(Exercise prompt) A faithful transcript of every entry is required; pictures do not belong in it.

*** Information provided Section Begins ***

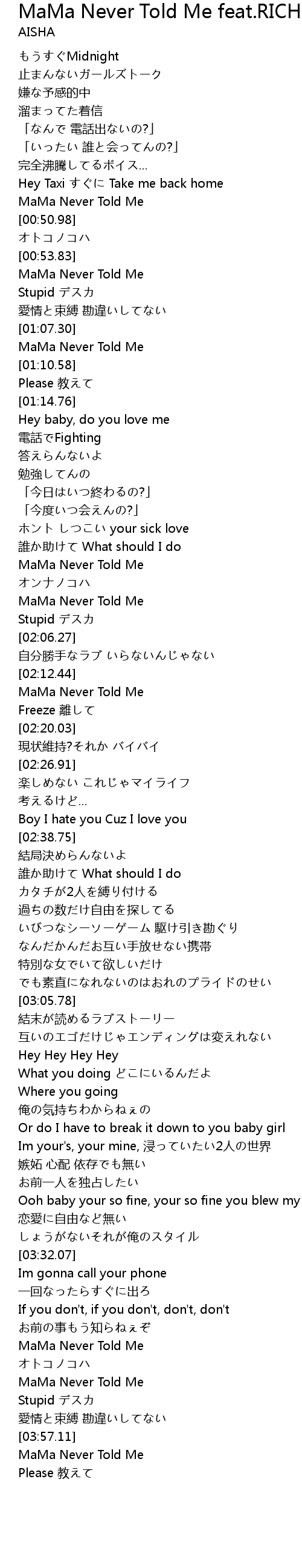 | [03:45.77] | MaMa Never Told Me |
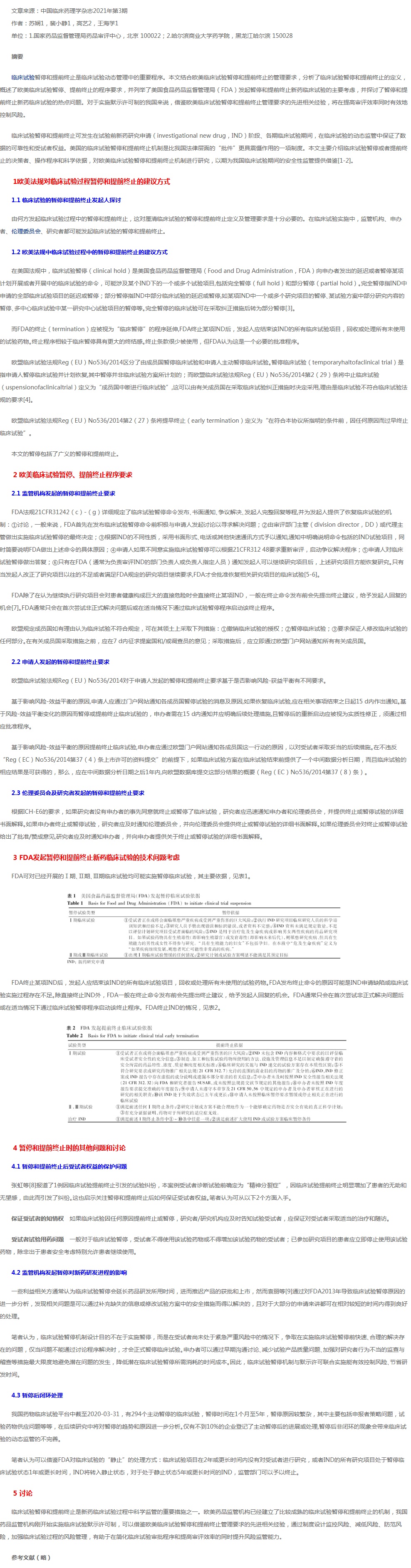 关于欧美临床试验暂停和提前终止的技术管理要求
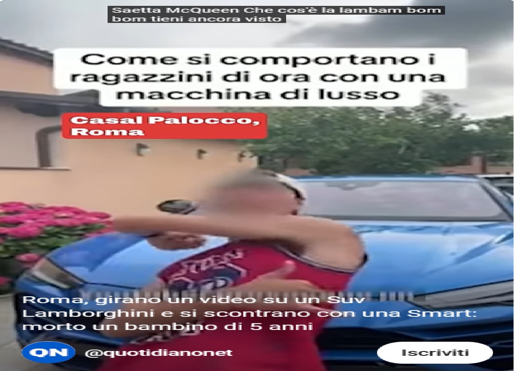 L’incidente è avvenuto in via Archelao di Mileto, a Casal Palocco, attorno alle ore 16 di mercoledì 15 giugno. I cinque youtuber – Matteo Di Pietro, Alessio Ciaffa, Leonardo Golnelli, influencer del gruppo “The Borderline”, con oltre 600mila follower su YouTube – avevano preso a noleggio una Lamborghini per fare un video e poi postarlo sui social. Una sfida di velocità, della durata di 50 ore, che ha avuto un epilogo tragico.
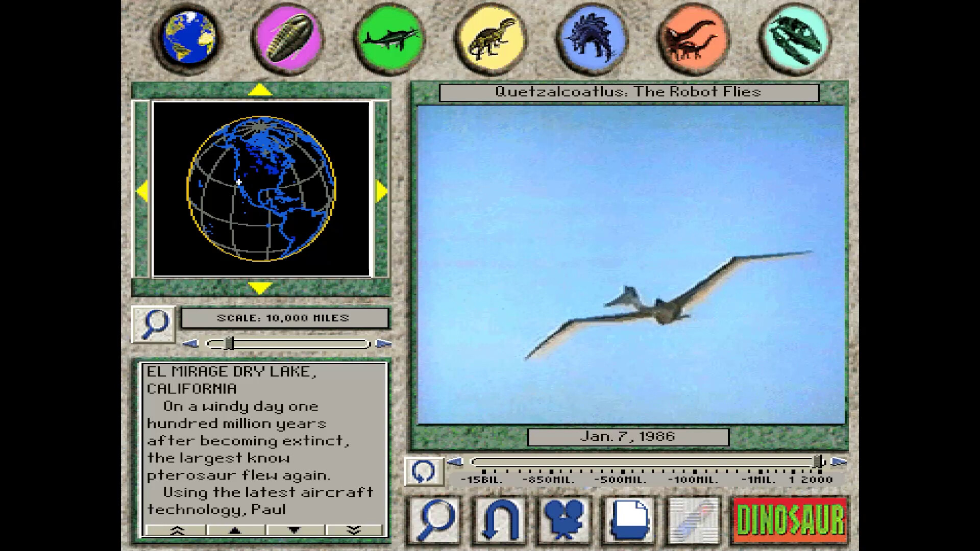 In 3D Dinosaur Adventure, players explore the Triassic, Jurassic, and Cretaceous periods and learn about Dinosaurs. They interact with a wide variety of dinosaurs including Apatosaurus, Tyrannosaurus, and Velociraptors.
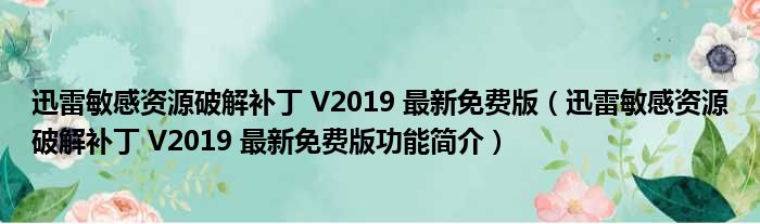 导读 大家好,关于迅雷敏感资源破解补丁 V2019 最新免费版,迅雷敏感资源破解补丁 V2019 最新免费版功能简介这个很多人还不知道,小勒来为大家
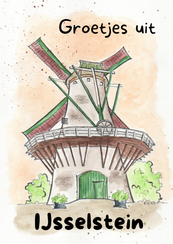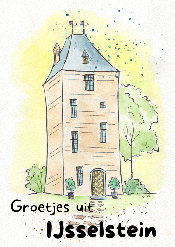 Set van 5 ansichtkaarten van IJsselstein. Uitgevoerd in tekenpen en aquarel.
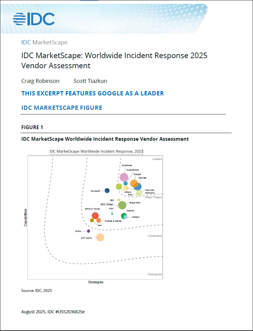 Google is positioned in the Leaders Category in the 2025 IDC MarketScape for worldwide incident response services. We believe this recognition highlights Mandiant’s over two decades of experience responding to some of the world’s most complex and high-impact cyber incidents.
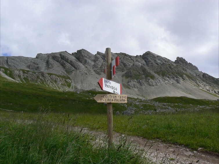 Dopo circa un’ora di cammino, ci si distacca sulla sinistra dal sentiero principale e si seguono i segnavia (paletti verniciati di rosso e bianco sovrastati da filo spinato) fino a raggiungere dapprima i ricoveri in caverna e, successivamente, le cannoniere italiane del Colifon che battevano le postazioni austriache sulla cresta di Bocche.
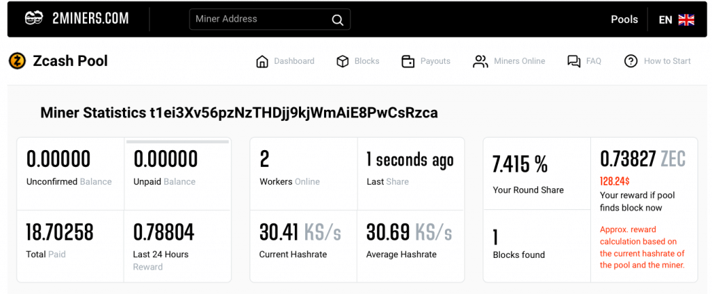 After you finish the setup, let’s check if everything works correctly. Go to the 2Miners main page and enter the wallet in the ‘Miner Address’ field. The field is at the top of the page in the middle.
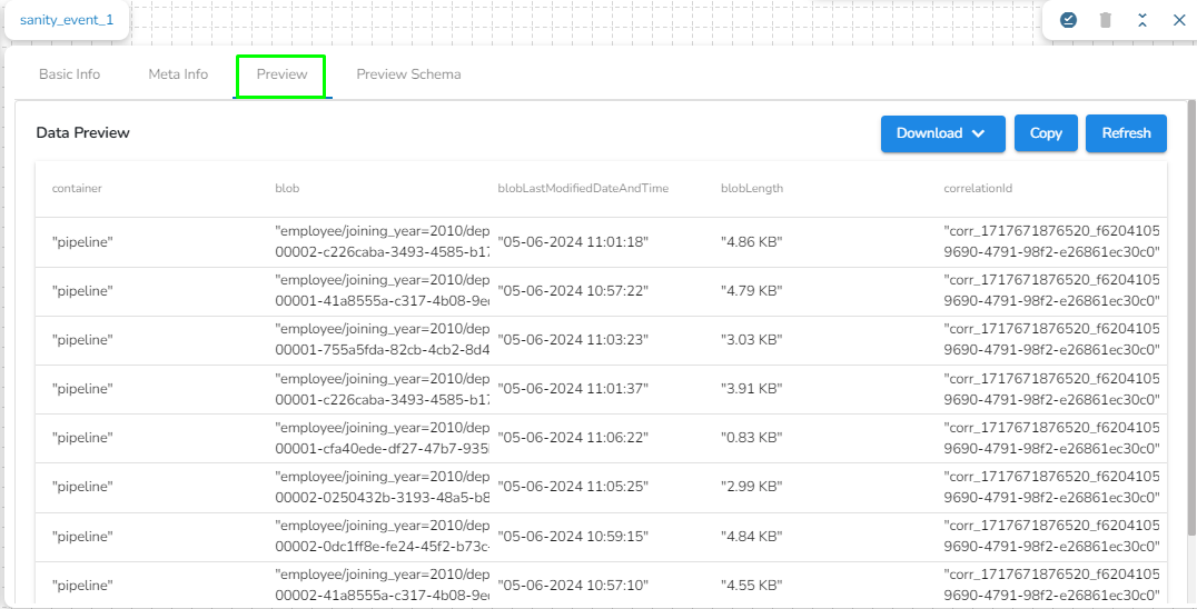 Blob: Name of the blob present in the specified path.

*** Information provided Section Ends ***

(Answer section)
 | [03:45.77] | MaMa Never Told Me |
 关于欧美临床试验暂停和提前终止的技术管理要求
 L’incidente è avvenuto in via Archelao di Mileto, a Casal Palocco, attorno alle ore 16 di mercoledì 15 giugno. I cinque youtuber – Matteo Di Pietro, Alessio Ciaffa, Leonardo Golnelli, influencer del gruppo “The Borderline”, con oltre 600mila follower su YouTube – avevano preso a noleggio una Lamborghini per fare un video e poi postarlo sui social. Una sfida di velocità, della durata di 50 ore, che ha avuto un epilogo tragico.
 In 3D Dinosaur Adventure, players explore the Triassic, Jurassic, and Cretaceous periods and learn about Dinosaurs. They interact with a wide variety of dinosaurs including Apatosaurus, Tyrannosaurus, and Velociraptors.
 导读 大家好,关于迅雷敏感资源破解补丁 V2019 最新免费版,迅雷敏感资源破解补丁 V2019 最新免费版功能简介这个很多人还不知道,小勒来为大家
 Set van 5 ansichtkaarten van IJsselstein. Uitgevoerd in tekenpen en aquarel.
 Google is positioned in the Leaders Category in the 2025 IDC MarketScape for worldwide incident response services. We believe this recognition highlights Mandiant’s over two decades of experience responding to some of the world’s most complex and high-impact cyber incidents.
 Dopo circa un’ora di cammino, ci si distacca sulla sinistra dal sentiero principale e si seguono i segnavia (paletti verniciati di rosso e bianco sovrastati da filo spinato) fino a raggiungere dapprima i ricoveri in caverna e, successivamente, le cannoniere italiane del Colifon che battevano le postazioni austriache sulla cresta di Bocche.
 After you finish the setup, let’s check if everything works correctly. Go to the 2Miners main page and enter the wallet in the ‘Miner Address’ field. The field is at the top of the page in the middle.
 Blob: Name of the blob present in the specified path.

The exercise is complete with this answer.